• Activity
Leave the images aside and repeat the whole listing exactly.

• Supplied information
-- Opening Marker --

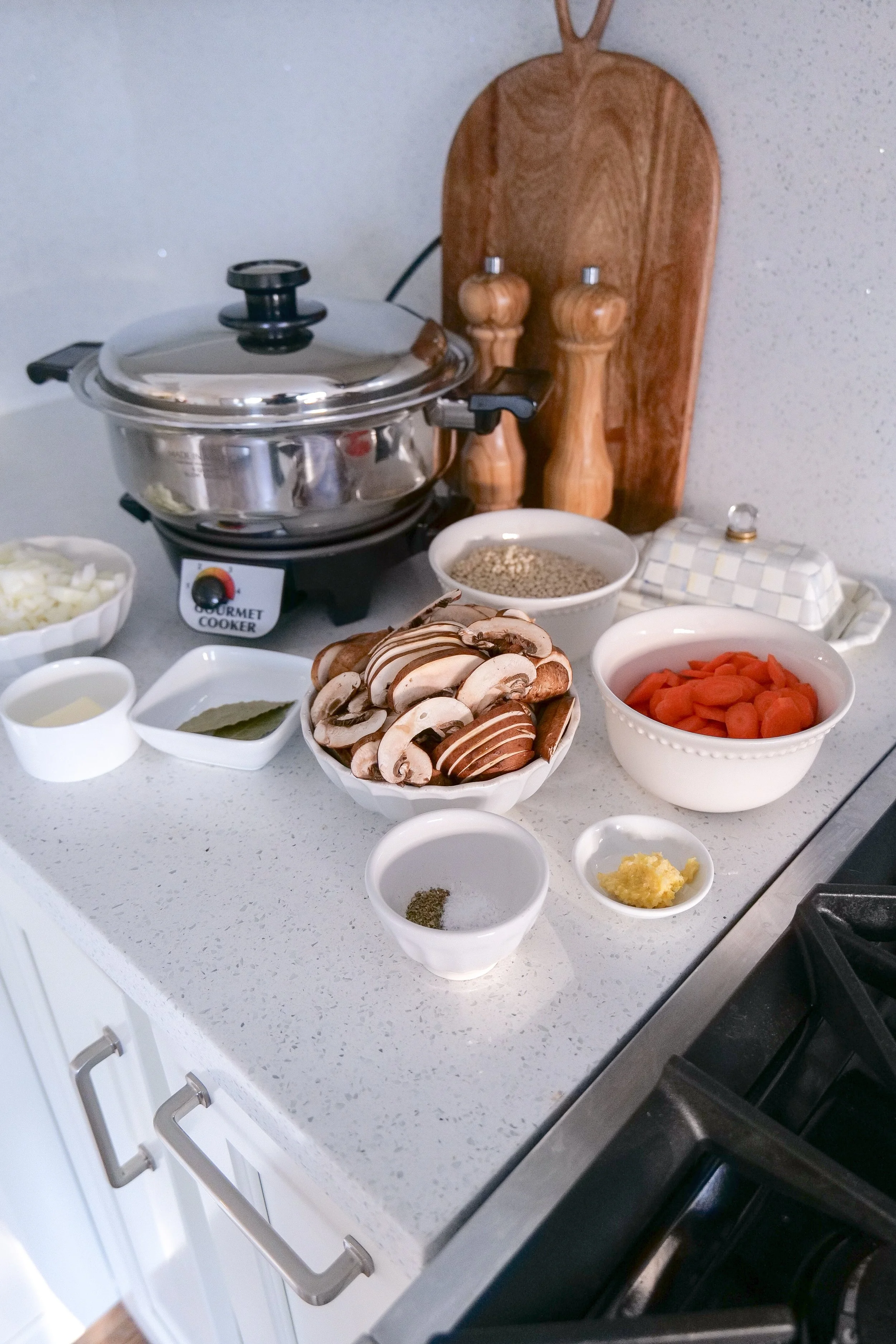 1. Melt butter in large pan (if using a slow cooker like mine you can remove from base and use on stove). Add in finely chopped onion and garlic, cooking until onion is transparent. Add in mushrooms, carrots and seasoning. Stir until all vegetables are coated.
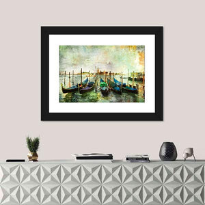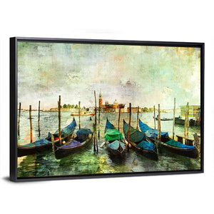 This canvas features iconic gondolas gliding through the serene canals of Venice, surrounded by charming buildings. With a palette of blue, green, and warm earthy tones, it captures a historical and artistic vibe that brings life to any space.
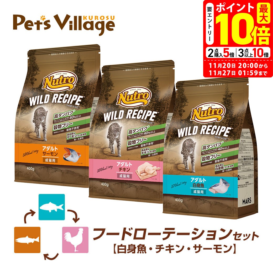 ポイント最大10倍!11/20 20:00〜11/27 01:59まで|フードローテーションセット 公認店 ニュートロ キャット ワイルドレシピ アダルト 白身魚 チキン サーモン 成猫用 400g×3種 ごはん ご飯 【ワイルドレシピ(WILD RECIPE)】[キャットフード] ペッツビレッジクロス

-- Closing Marker --

• Answer space
 1. Melt butter in large pan (if using a slow cooker like mine you can remove from base and use on stove). Add in finely chopped onion and garlic, cooking until onion is transparent. Add in mushrooms, carrots and seasoning. Stir until all vegetables are coated.
 This canvas features iconic gondolas gliding through the serene canals of Venice, surrounded by charming buildings. With a palette of blue, green, and warm earthy tones, it captures a historical and artistic vibe that brings life to any space.
 ポイント最大10倍!11/20 20:00〜11/27 01:59まで|フードローテーションセット 公認店 ニュートロ キャット ワイルドレシピ アダルト 白身魚 チキン サーモン 成猫用 400g×3種 ごはん ご飯 【ワイルドレシピ(WILD RECIPE)】[キャットフード] ペッツビレッジクロス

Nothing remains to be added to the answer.